Citigroup Global Markets Inc. a securities broker dealer headquartered in New York New York has been censured and fined $200,000.00 by Financial Industry Regulatory Authority (FINRA) based upon allegations that (1) Citigroup overcharged its customers in regard to their purchases of unit investment trusts and (2) Citigroup failed to supervise the unit investment trust transactions placed in customers’ accounts. Letter of Acceptance Waiver and Consent No. 2016050947701 (June 20, 2019).
According to the AWC, between February of 2011 and February of 2017, Citigroup failed to detect and process discounts for customers with respect to their purchases of unit investment trusts. Evidently, a total of one thousand four hundred seventy-six transactions contained fees or charges that were supposed to be discounted. Particularly, the customers who executed the purchases were eligible for a rollover discount if not for being eligible for a breakpoint discount; however, nearly six hundred of the discounts did not get applied. Consequently, FINRA stated that the customers were assessed a total of $152,488.59 in excess sales charges. FINRA concluded that Citigroup’s conduct in this respect was violative of FINRA Rules 2010.
The AWC further stated that Citigroup neglected to supervise its business practices concerning unit investment trust transactions in a manner which was compliant with FINRA rules as well as securities regulations and laws. In particular, there were inadequate supervision systems or procedures governing the application of rollover discounts for customers who were eligible for those discounts. In fact, the AWC stated that rollover discounts had not even been referenced within the written supervisory procedures utilized by Citigroup. The AWC additionally stated that there were no tools used by the firm to monitor rollover discount applicability – at least not until April of 2017.

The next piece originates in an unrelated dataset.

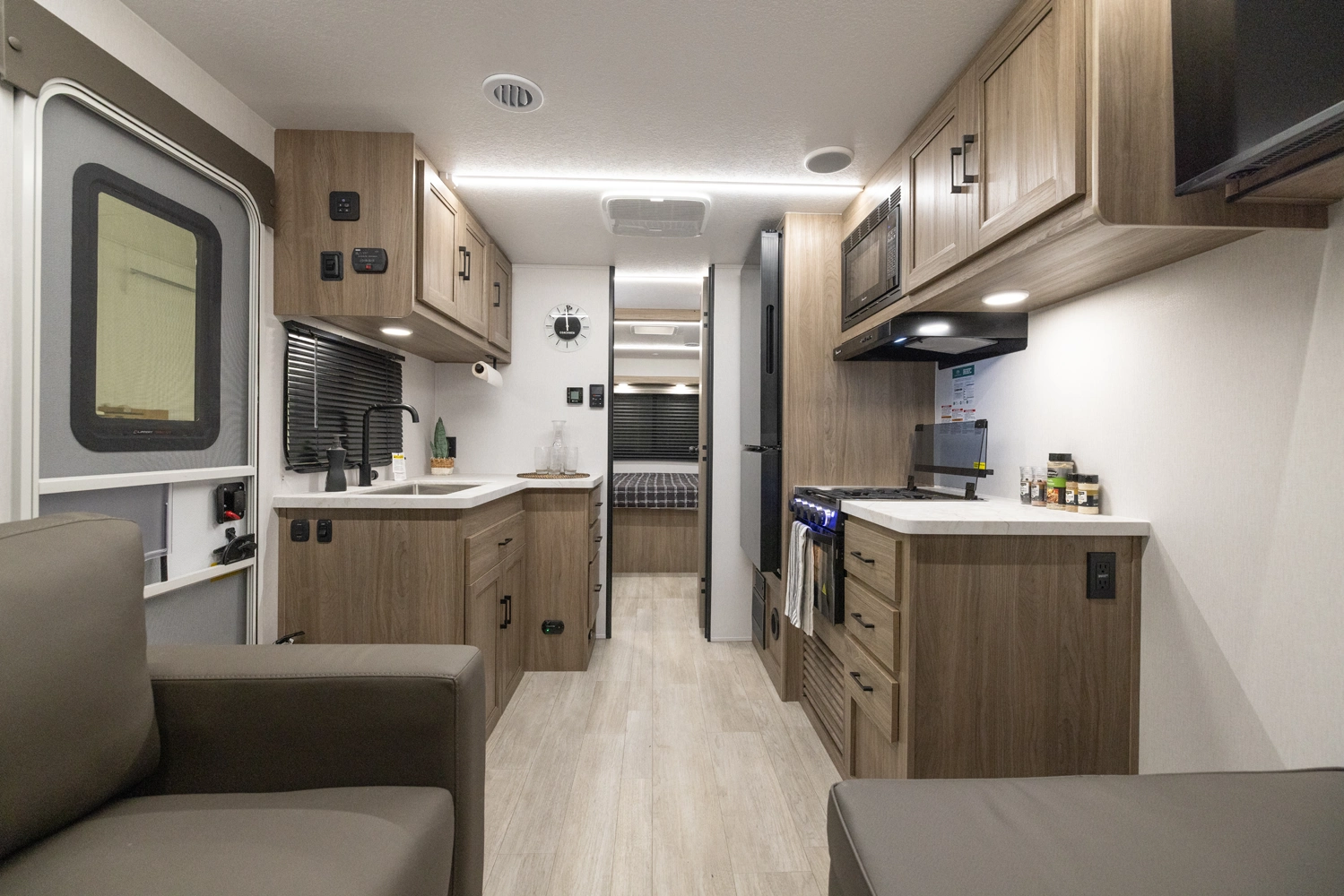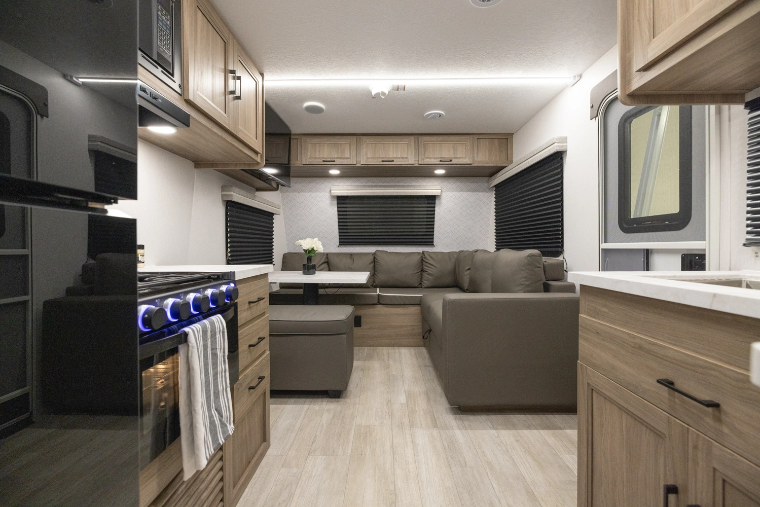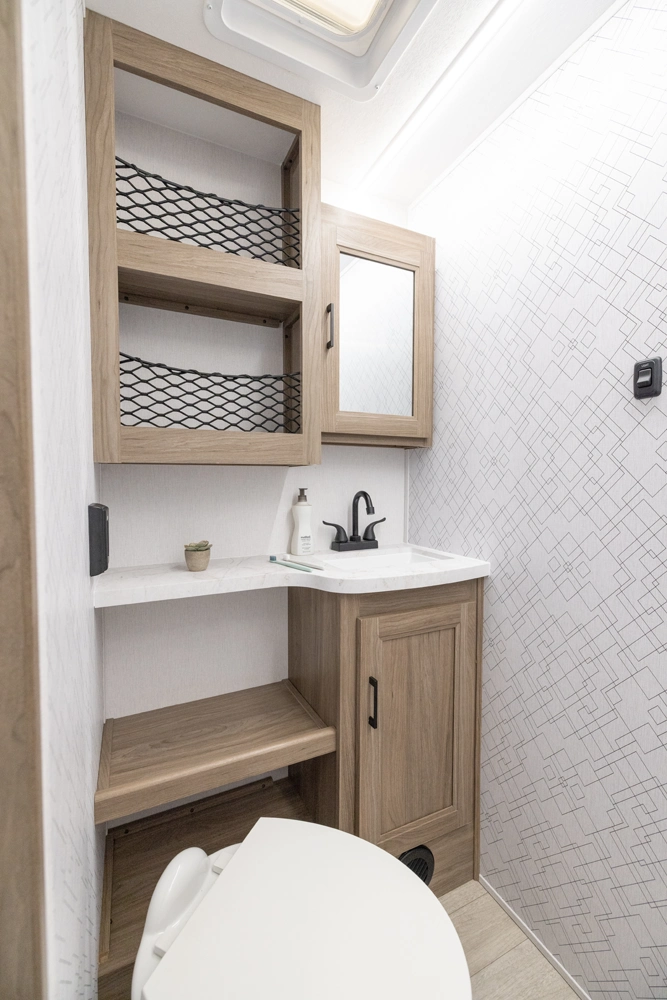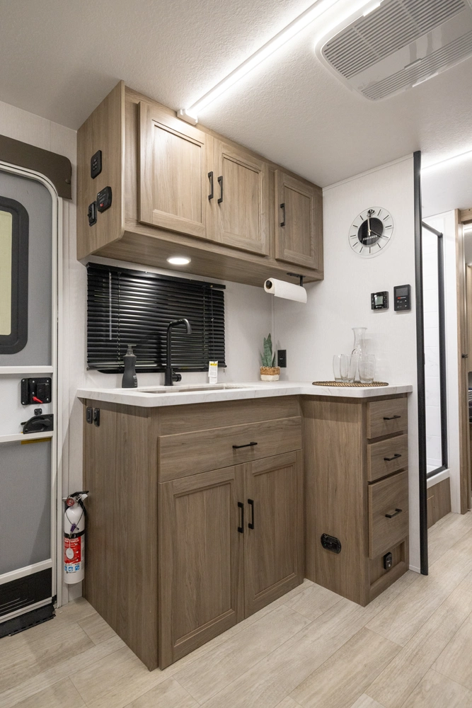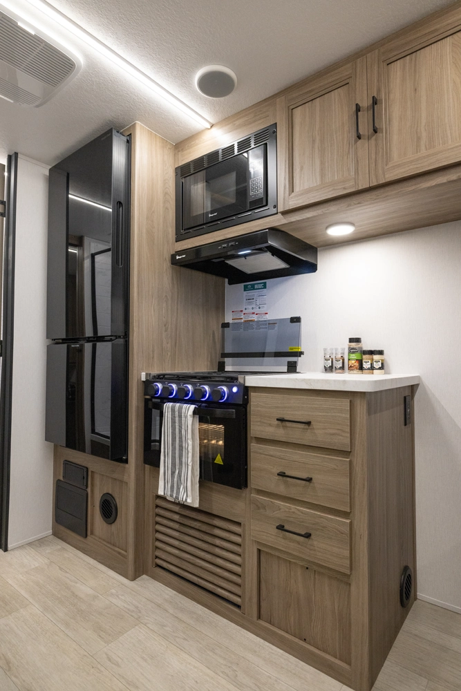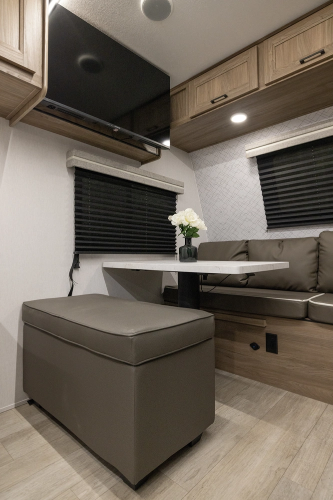 This 28' 5' - no slide model maximizes interior flow for comfort and convenience. With efficient kitchen space, smart sleeping arrangements, and lightweight construction, the 249SE helps campers focus on exploring national parks, scenic byways, or weekend camp spots without towing stress.

FINRA also indicated that Citigroup neglected to create and implement supervision systems and written supervisory procedures with a view towards ensuring that stockbrokers’ unit investment trust trading was adequately monitored by the firm’s personnel. In particular, the firm utilized two systems – a pre-trade system and post-trade system – for purposes of detecting unsuitable switches of unit investment trusts; however, Citigroup depended on its stockbrokers to provide the firm information in order for the firm’s supervisory process to work. That is, Citigroup was only able to supervise the trades when stockbrokers self-reported unit investment trades that had been effected in a customer’s account in the prior two months.
Additionally, Citigroup neglected to test its supervision system to ensure it picked up on red flags concerning the trading of unit investment trusts on a short-term basis. As a result, the firm was reportedly unaware that its post-trade system was flawed – that system did not register red flags associated with unit investment trusts because unit investment trusts were excluded from Citigroup’s systems at the time the system was implemented in 2011. Evidently, it was not until April of 2017 that the firm began incorporating unit investment trust switches into the post-trade system. FINRA found the firm’s supervisory failures to be violative of FINRA Rules 2010, 3110 and National Association of Securities Dealers (NASD) Rule 3010.